== DATA SHOWN ==
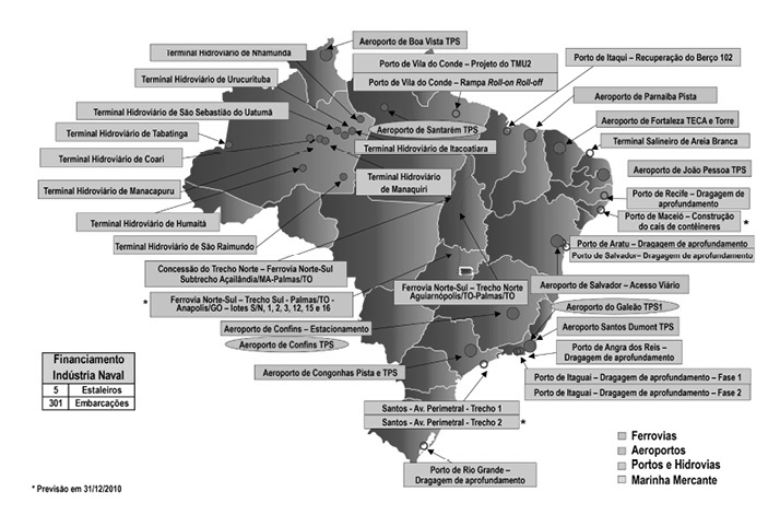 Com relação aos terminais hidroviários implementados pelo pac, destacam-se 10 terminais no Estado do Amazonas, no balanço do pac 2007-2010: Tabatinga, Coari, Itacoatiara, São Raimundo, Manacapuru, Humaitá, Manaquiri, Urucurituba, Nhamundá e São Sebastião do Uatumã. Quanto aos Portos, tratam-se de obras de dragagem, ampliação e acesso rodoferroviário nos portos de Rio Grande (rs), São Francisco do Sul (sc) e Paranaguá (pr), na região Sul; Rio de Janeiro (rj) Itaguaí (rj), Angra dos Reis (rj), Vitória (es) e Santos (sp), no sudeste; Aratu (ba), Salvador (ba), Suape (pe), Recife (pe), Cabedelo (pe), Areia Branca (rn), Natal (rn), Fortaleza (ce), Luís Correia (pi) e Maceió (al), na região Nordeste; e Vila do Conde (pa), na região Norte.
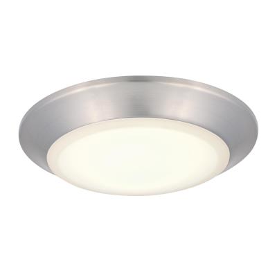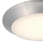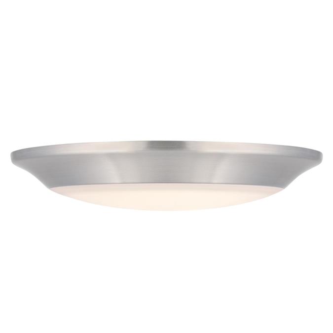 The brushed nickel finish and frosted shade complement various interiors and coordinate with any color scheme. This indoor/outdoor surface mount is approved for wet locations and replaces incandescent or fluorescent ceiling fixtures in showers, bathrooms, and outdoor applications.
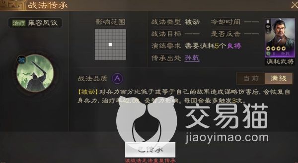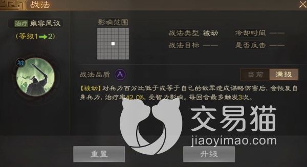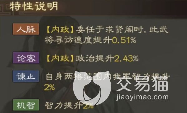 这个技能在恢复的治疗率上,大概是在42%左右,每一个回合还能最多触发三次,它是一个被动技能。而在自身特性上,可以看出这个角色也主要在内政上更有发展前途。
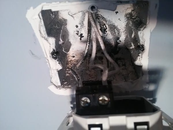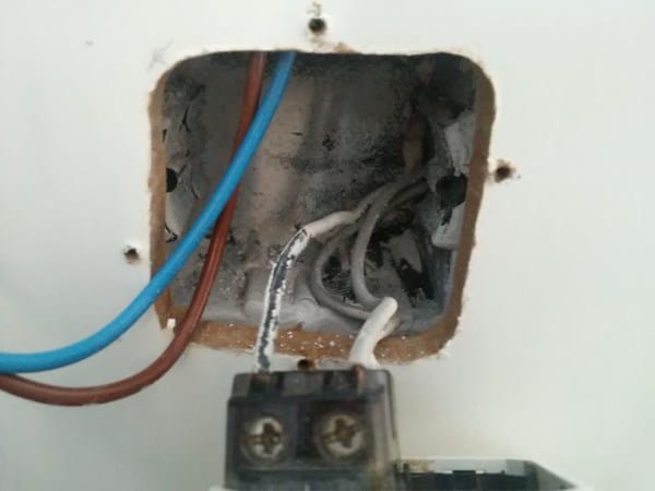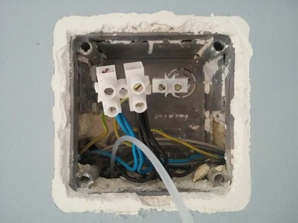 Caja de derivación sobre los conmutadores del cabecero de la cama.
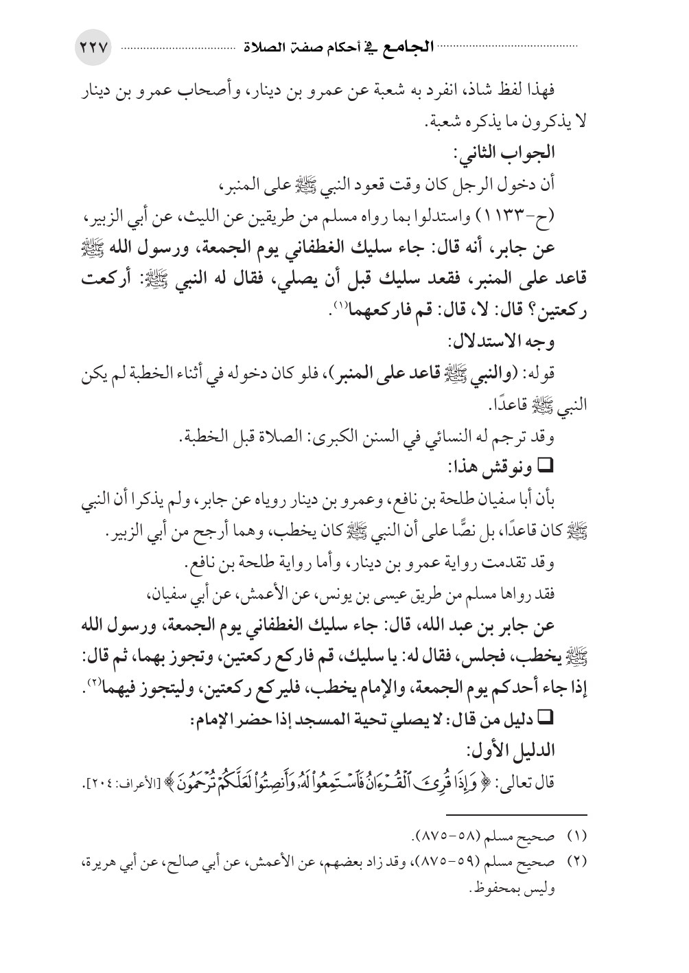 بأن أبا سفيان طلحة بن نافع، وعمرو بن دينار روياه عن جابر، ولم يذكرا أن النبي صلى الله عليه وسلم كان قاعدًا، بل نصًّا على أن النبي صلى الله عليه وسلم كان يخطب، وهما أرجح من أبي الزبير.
===
Pictures don't belong in the copy. Retype exactly the lines from the one with "Caja de derivación" through the last line of the records.

• [OUTPUT]
 Caja de derivación sobre los conmutadores del cabecero de la cama.
 بأن أبا سفيان طلحة بن نافع، وعمرو بن دينار روياه عن جابر، ولم يذكرا أن النبي صلى الله عليه وسلم كان قاعدًا، بل نصًّا على أن النبي صلى الله عليه وسلم كان يخطب، وهما أرجح من أبي الزبير.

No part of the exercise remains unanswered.